** THE RECORDS follows **

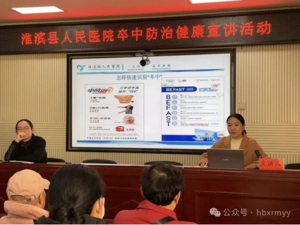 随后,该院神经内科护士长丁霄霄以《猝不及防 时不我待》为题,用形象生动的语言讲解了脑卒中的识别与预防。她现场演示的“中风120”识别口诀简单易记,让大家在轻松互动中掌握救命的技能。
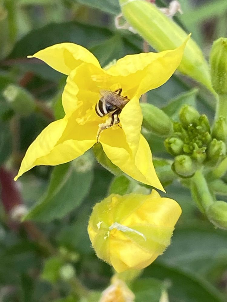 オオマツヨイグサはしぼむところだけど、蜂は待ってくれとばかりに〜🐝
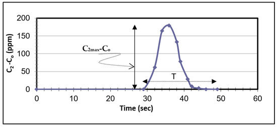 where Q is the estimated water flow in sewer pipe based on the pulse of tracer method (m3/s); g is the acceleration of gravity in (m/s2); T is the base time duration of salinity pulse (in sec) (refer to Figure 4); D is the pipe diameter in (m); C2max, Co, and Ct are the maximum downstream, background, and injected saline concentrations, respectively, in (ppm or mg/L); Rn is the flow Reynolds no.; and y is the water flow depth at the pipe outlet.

** End of THE RECORDS **
** THE RECORDS follows **

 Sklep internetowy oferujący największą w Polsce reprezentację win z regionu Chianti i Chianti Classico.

** End of THE RECORDS **
** THE RECORDS follows **

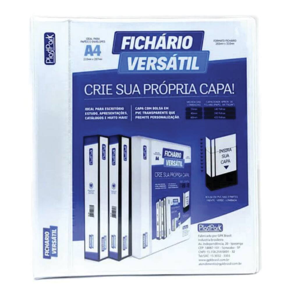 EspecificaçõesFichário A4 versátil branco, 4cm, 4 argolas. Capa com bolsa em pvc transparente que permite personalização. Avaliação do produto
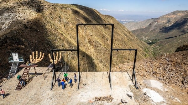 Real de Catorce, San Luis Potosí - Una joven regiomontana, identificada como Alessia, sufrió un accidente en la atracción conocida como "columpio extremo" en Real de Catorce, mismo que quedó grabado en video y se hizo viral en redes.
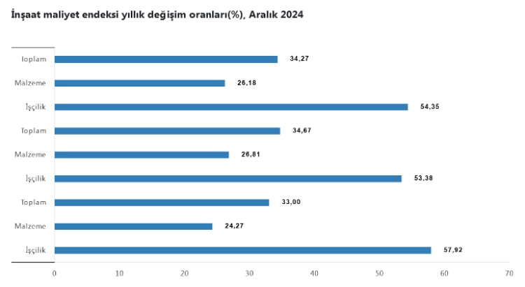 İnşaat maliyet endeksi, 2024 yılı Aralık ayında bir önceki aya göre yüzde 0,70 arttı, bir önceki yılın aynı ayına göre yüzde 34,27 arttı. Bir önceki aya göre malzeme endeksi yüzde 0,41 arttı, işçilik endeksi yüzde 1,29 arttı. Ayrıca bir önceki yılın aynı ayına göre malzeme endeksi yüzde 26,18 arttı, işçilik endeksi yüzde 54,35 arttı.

** End of THE RECORDS **

HOW TO COMPLETE THIS TASK: What you write must match the listing exactly, from the line with "随后,该院神经内科护士长丁霄" up to and including the line with "オオマツヨイグサはしぼむところだけど、蜂は待ってくれとばかりに〜🐝". Pictures stay out.

EXERCISE SOLUTION:
 随后,该院神经内科护士长丁霄霄以《猝不及防 时不我待》为题,用形象生动的语言讲解了脑卒中的识别与预防。她现场演示的“中风120”识别口诀简单易记,让大家在轻松互动中掌握救命的技能。
 オオマツヨイグサはしぼむところだけど、蜂は待ってくれとばかりに〜🐝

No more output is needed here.